"Well, make it fast around your body, and then let me have what slack you can. I'll pull on that rope, and have the horse pull on the other, and maybe that'll make it easier for you."

Jack tied the end of the rope about his body, and Hugh took in the slack; then he loosened the lariat, turned his horse so that his head was away from the stream, again fastened the lariat to the saddle horn, and put the sling-rope over his own shoulder; then he called to Jack, "See if you can dig away the sand at all from around the leg that's fast." Jack bent down until his face was under water, and worked hard, scraping away the sand, and again succeeded in getting it down to his knee; then he raised his head again, and called to Hugh, "I've done the best I can, the sand is down to my knee, but it's filling up again."

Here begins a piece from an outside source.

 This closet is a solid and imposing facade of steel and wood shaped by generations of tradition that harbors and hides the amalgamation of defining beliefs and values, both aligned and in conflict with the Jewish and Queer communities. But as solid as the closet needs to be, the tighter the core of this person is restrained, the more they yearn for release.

"Well," said Hugh, "we'll start. You must yell if you feel anything breaking." He bent forward, throwing his weight very slowly against the sling rope, and starting the horse very slowly at the same time. The ropes tightened, Jack was pulled forward until his face was under water, he felt as if he were being cut in two below his arms, as if his legs were being pulled out of their sockets, when suddenly, with a jerk, he flew forward, was buried under the muddy water, and then whirled over and over in it, and a moment later was dragged out on the bank by Hugh, who bent over him with an anxious face. Without a word Hugh lifted him in his arms and put him on the horse, which he led toward the camp. Before they had reached there, Jack had recovered his breath, and said, "Oh, Hugh, I don't think I ever was so glad to see anybody in my life as I was to see you ride in among the horses."

"Well," said Hugh, "I'm glad I got there just when I did. You must have had a pretty bad time while you were stuck there."

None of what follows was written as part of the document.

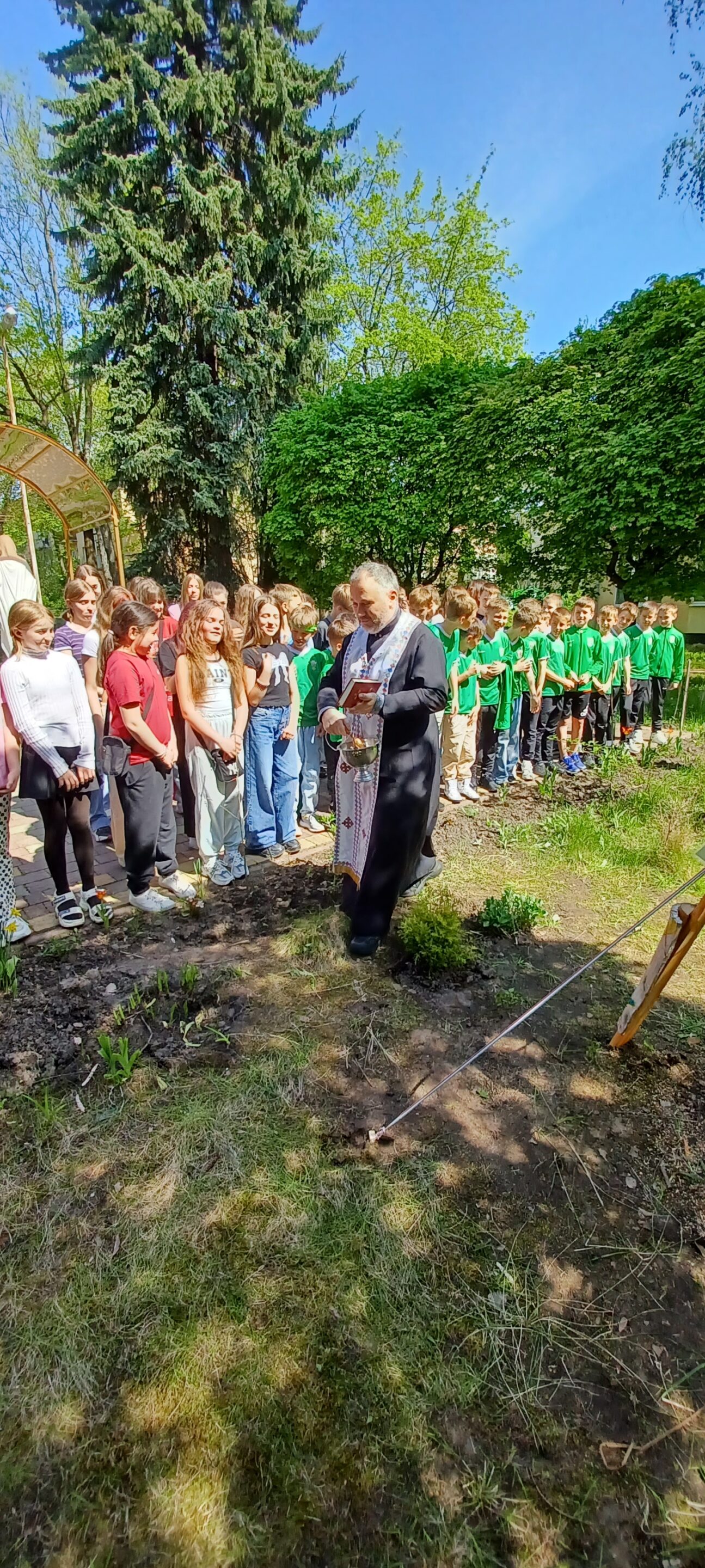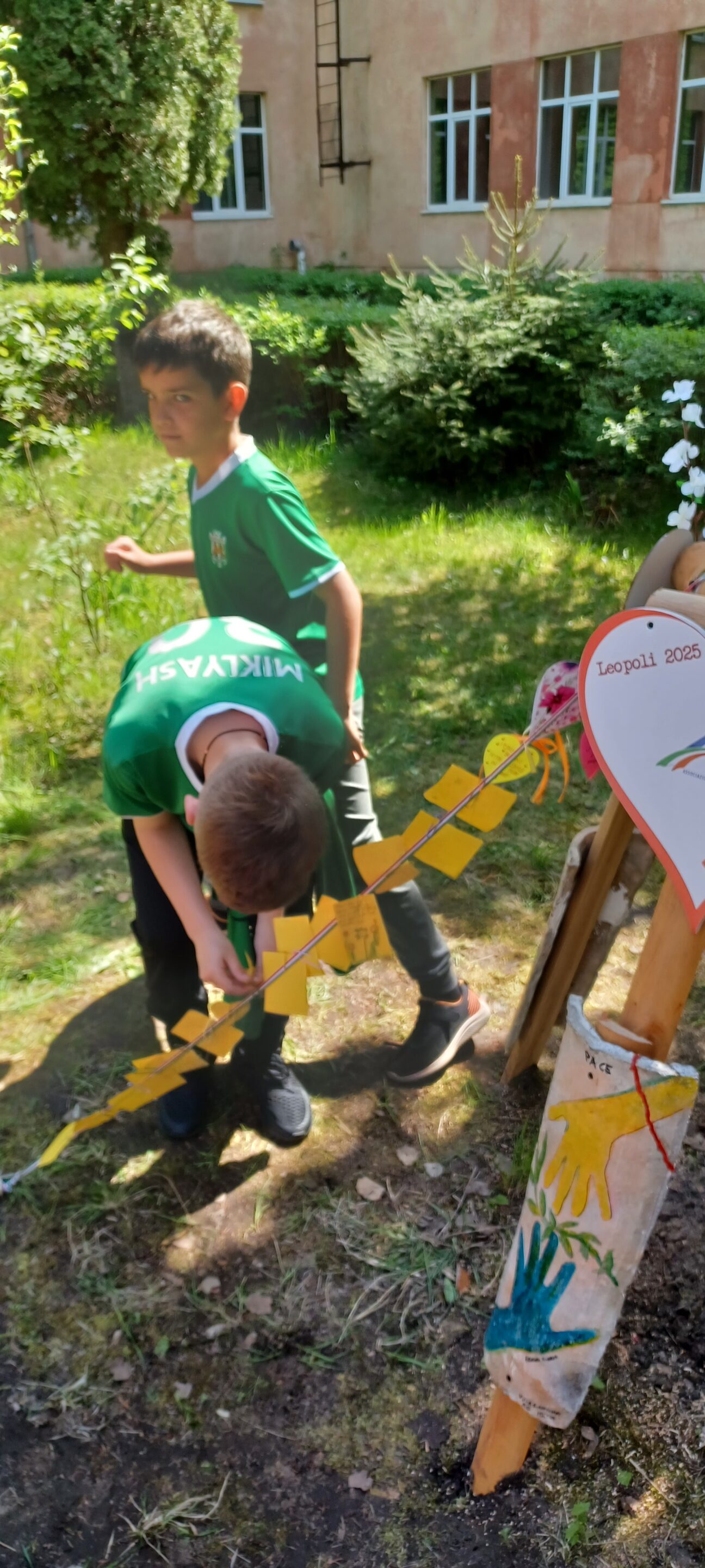 Ero giunto a Leopoli per l’ennesima missione umanitaria, ma pure per realizzare un progetto che era nella mente e nel cuore da tempo. Per cui questo giorno diventa quello migliore per parlare di solidarietà e Pace per questo martoriato Paese. Nella scuola 73 si posa un albero dedicato alla Pace, le tegole che proteggono le case, dipinte dall’artista M. Grazia Musolino, poste intorno alla pianta, hanno il compito di descrivere come questo laterizio può spezzarsi ma non piegarsi, come sta avvenendo per questo popolo.

"Yes," said Jack, "I don't think I will ever be so near drowning, and yet live."

"You're some cut by them ropes, I see," said Hugh. And Jack, looking down, saw about his body two red, bleeding marks, where the ropes had rubbed his skin off. "Are your legs all right?" continued the old man.

"I think so," said Jack. "One of 'em feels longer than the other, but I can move them both."

"Well," said Hugh, "I ought to have told you not to try to cross this creek; everybody knows it's bad for quicksands, but I ought to have remembered that you didn't know nothing about this country, anyhow."

Hugh lifted Jack out of the saddle and laid him down on one of the mantas, and then unrolled his bed and put him on that.